Она, конечно, менялась и у меня, и у Игоря Евгеньевича Тамма (академик АН СССР, Герой Социалистического Труда, Нобелевский лауреат — М. Л.). Хотя он был гораздо старше, мы были близки. Мы работали тогда в закрытом городе, очень много общались и, кажется, легко понимали друг друга.

— Как вам там жилось?

— С утра шли на работу, за завтраком, обедом и ужином вели беседы на вольные темы, а после рабочего дня я приходил в коттедж Игоря Евгеньевича, и мы вели разговоры по душам. Так у нас с ним продолжалось три года, потом ему разрешили вернуться к науке, и это было правильно, он к этому был наиболее приспособлен. А я остался. Ещё очень драматические события в разработке наших изделий ждали впереди. В Москве я бывал не часто, но всякий раз приходил к Игорю Евгеньевичу, наши отношения оставались близкими. Хотя я с течением времени как-то дальше эволюционировал…

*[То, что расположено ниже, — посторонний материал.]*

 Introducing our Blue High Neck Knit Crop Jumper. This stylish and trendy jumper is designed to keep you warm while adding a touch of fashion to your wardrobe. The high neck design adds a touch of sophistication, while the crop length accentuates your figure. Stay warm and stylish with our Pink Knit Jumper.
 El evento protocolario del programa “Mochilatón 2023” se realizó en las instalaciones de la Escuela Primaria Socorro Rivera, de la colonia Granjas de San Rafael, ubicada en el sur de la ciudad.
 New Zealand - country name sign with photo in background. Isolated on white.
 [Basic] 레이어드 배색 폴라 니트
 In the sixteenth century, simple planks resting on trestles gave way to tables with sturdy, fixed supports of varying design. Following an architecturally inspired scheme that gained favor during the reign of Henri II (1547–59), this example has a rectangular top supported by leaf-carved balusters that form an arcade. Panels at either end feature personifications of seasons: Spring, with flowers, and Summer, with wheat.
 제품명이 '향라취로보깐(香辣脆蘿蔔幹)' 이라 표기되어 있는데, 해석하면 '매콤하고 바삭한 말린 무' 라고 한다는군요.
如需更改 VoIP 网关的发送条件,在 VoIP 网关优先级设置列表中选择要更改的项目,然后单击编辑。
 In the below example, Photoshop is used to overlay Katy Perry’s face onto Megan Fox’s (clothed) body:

Е. Боннэр: Игорь Евгеньевич был гораздо старше, тут-то эффект возраста и сказался. Ведь он был из поколения «отцов» по отношению к Андрею Дмитриевичу и, как всякий старший, мог эволюционировать до какого-то предела…

А. Сахаров: Верно. Однако он продолжал относиться ко мне с уважением. Я думаю, он просто любил меня.

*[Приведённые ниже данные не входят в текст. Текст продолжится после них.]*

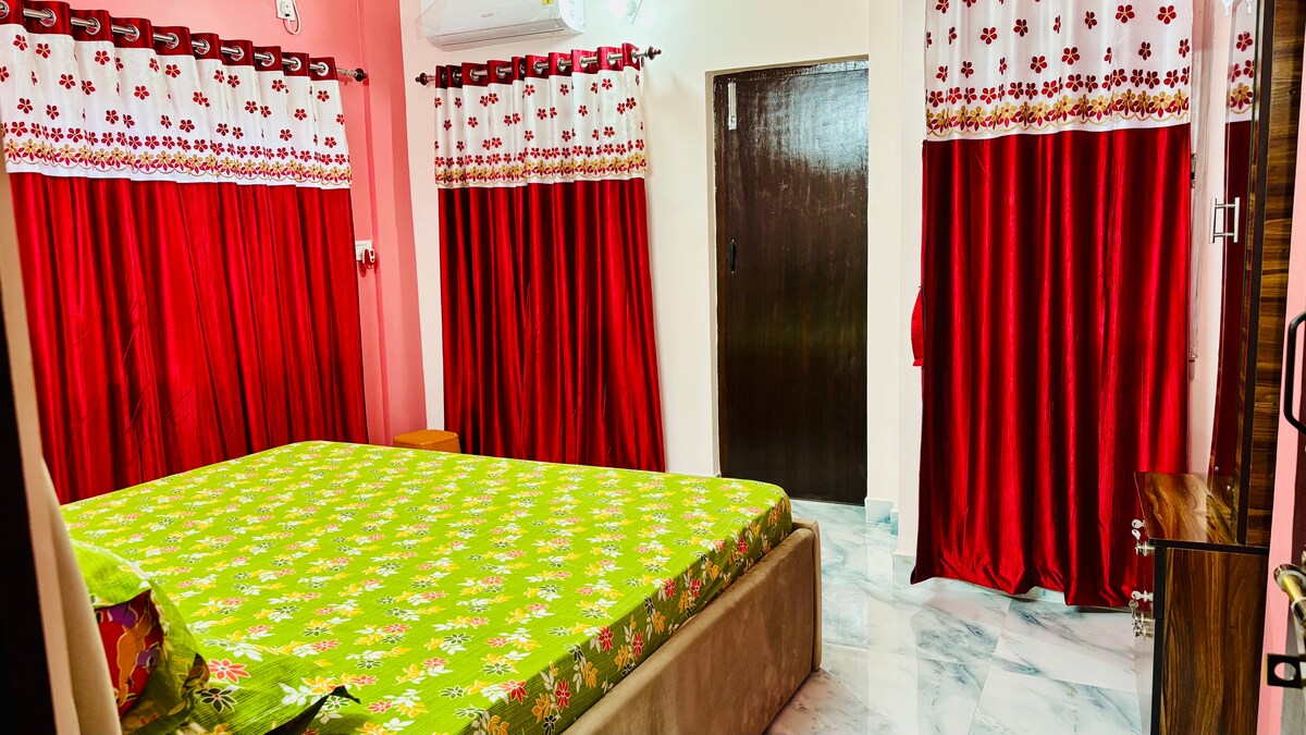 Huomaa: Avoparit eivät ole sallittuja. Voit unohtaa huolesi tässä tilavassa ja rauhallisessa huvilassa. Huomaat vilauksen Bengalin kulttuurista tässä paikassa. Siinä on olohuone, jossa on 6-paikkainen sohva, keskipöytä, Bluetooth-musiikkisoitin ja pesualtaan käytävä. Suuri keittiö, jossa on kaasu-uuni, mikroaaltouuni, leivänpaahdin, ruokailuvälineet, painekeitin, jääkaappi ja ruokapöytä ja tuolit. 1 kylpyhuone geyserillä. 2 makuuhuonetta, joissa on kaksi ilmastointilaitetta, 2 parivuodetta, vaatekaapit, 2 sivupöytää, televisio ja työnurkka, jossa on toimistotuoli ja pöytä. (Nopea WiFi)
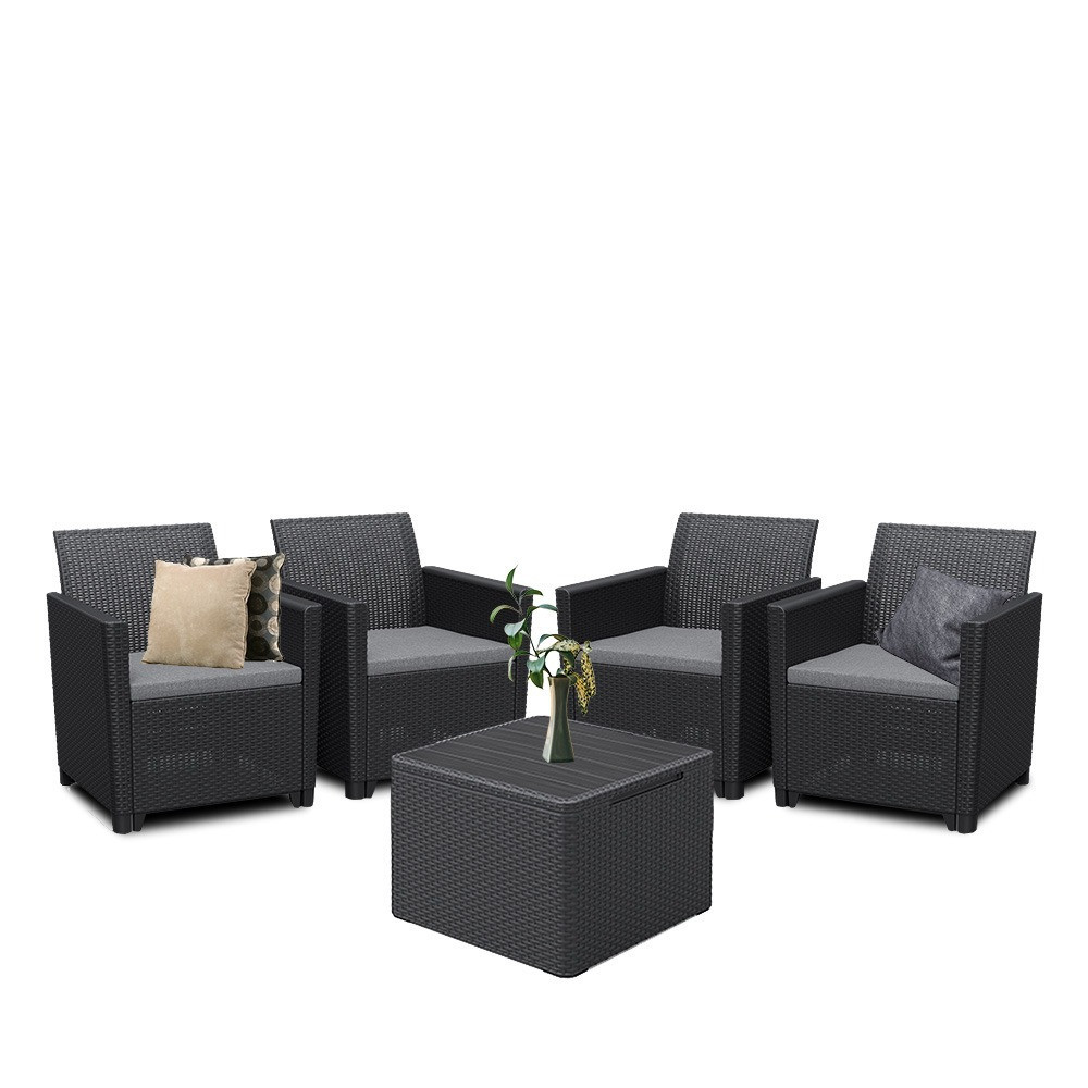 A grafit színben kapható kerti bútor szett könnyű, egyben tartós vázszerkezettel büszkélkedik. Mindennek tetejében roppantul könnyen tisztítható minden egyes eleme, így pillanatok alatt makulátlanná varázsolható az összkép. A grafit árnyalatban elérhető szetthez szürke párnák társulnak, melyek a maximális kényelmet hivatottak borítékolni, a divatos és szemre való megjelenés mellett. A bútorok erős és tartós műanyagból készültek. Az erős, tartós kialakítás nagyfokú megbízhatóságot jelent a gyakorlatban és azt, hogy a bútordarabok kivétel nélkül hosszú élettartamot biztosítanak, az örömteli, nyári napokat fűszerező használaton kívül, ami a fenti pozitívumoknak hála alap.
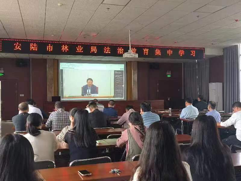 5月25日,安陆市林业局组织全体干部职工开展法治教育集中学习,观看专家精品课程,宣传贯彻习近平法治思想,强化行政执法能力建设。
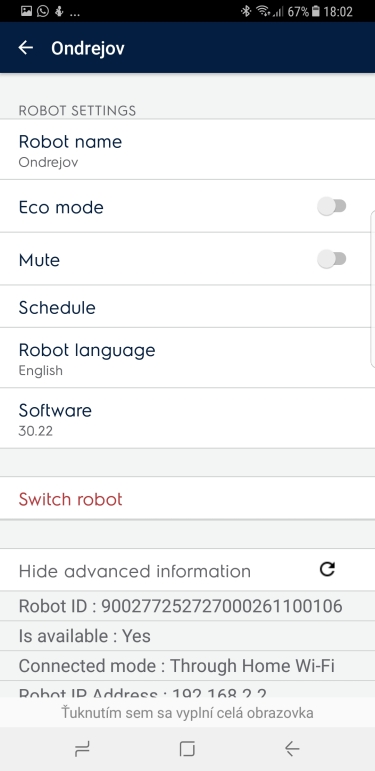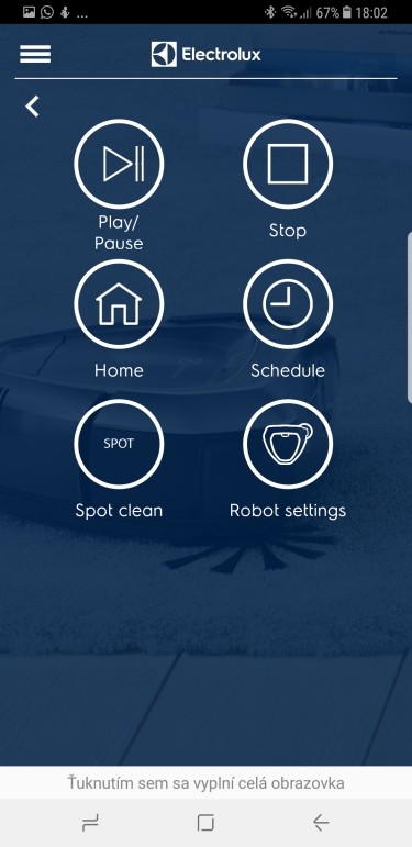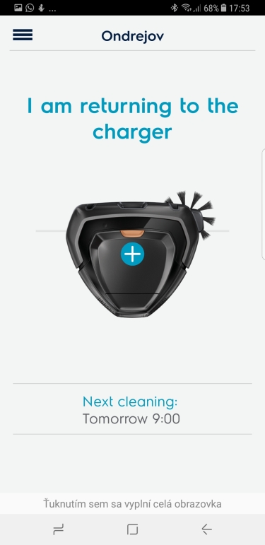 Tá je zatiaľ v anglickom jazyku, na konci roka pribudne jej česká jazyková verzia. Určená je pre iOS aj Android zariadenia. Na spárovanie mobilu a vysávača toho veľa netreba – ako prvý krok potrebujete načítať cez kameru v mobile čiarový kód z vysávača, čím sa vytvorí vlastná Wi-Fi medzi oboma zariadeniami. Následne si vyberiete domácu Wi-Fi sieť, ku ktorej bude pripojený vysávač a cez telefón zadáte heslo. Odvtedy už môžete vysávač ovládať – napr. spustiť alebo zastaviť vysávanie, naprogramovať ho, ale aj aktualizovať softvér vo vysávači. Úspešné spojenie signalizuje aj rozsvietený symbol Wi-Fi.
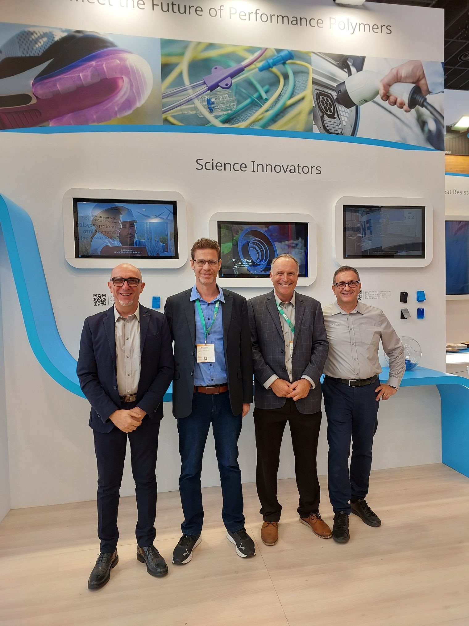 מבין המגוון הרחב של חומרי הגלם והיישומים שהוצגו בביתן החברה הגדול, בחרנו להביא את המתקדמים והמעניינים ביותר: חומרי גלם לתעשיית הרכבים החשמליים – סוללות, עמדות הטענה ועמדות אגירת אנרגיה. פתרונות אלו מחליפים מתכות ומאפשרים טווחים גבוהים יותר לנסיעה ומשקלים קלים יותר של מערכי הסוללה, עד 30 אחוזים של חיסכון במשקל.

Е. Боннэр: Знаете, когда Игорь Евгеньевич получил Ломоносовскую премию, он уже был тяжко болен, не мог двигаться… Но из большого количества своих учеников он именно Андрею поручил представлять его на церемонии вручения…

А. Сахаров: Не потому, что у меня красивый голос, он как раз некрасивый…

Е. Боннэр: И не потому, что у Сахарова были Звёзды Героя. Нет, выбор Игоря Евгеньевича был основан на внутренней близости, и это ощущалось.

А. Сахаров: И сейчас её ощущаю. Ну, вернемся к мотивировке? Я однажды признался Игорю Евгеньевичу, как мне тяжело, мучительно сознавать, каким ужасным всё-таки делом мы занимаемся. Он очень чутко воспринял мои слова, хоть они и были для него неожиданными. Ведь нас захватывало ощущение масштабности, грандиозности дела, которым занимались. Я сейчас вспомнил слова Эйхмана о том, в каком он был восторге, узнав, что именно ему, простому выходцу из германской деревни, доведется исполнять такую крупную акцию… Этот ажиотаж и эта гордость за масштаб, видимо, свойственны людям, хотя я и надеюсь, что параллель с Эйхманом очень, очень частичная…

— И после того разговора с Учителем вы, Андрей Дмитриевич, стали понимать свою работу иначе?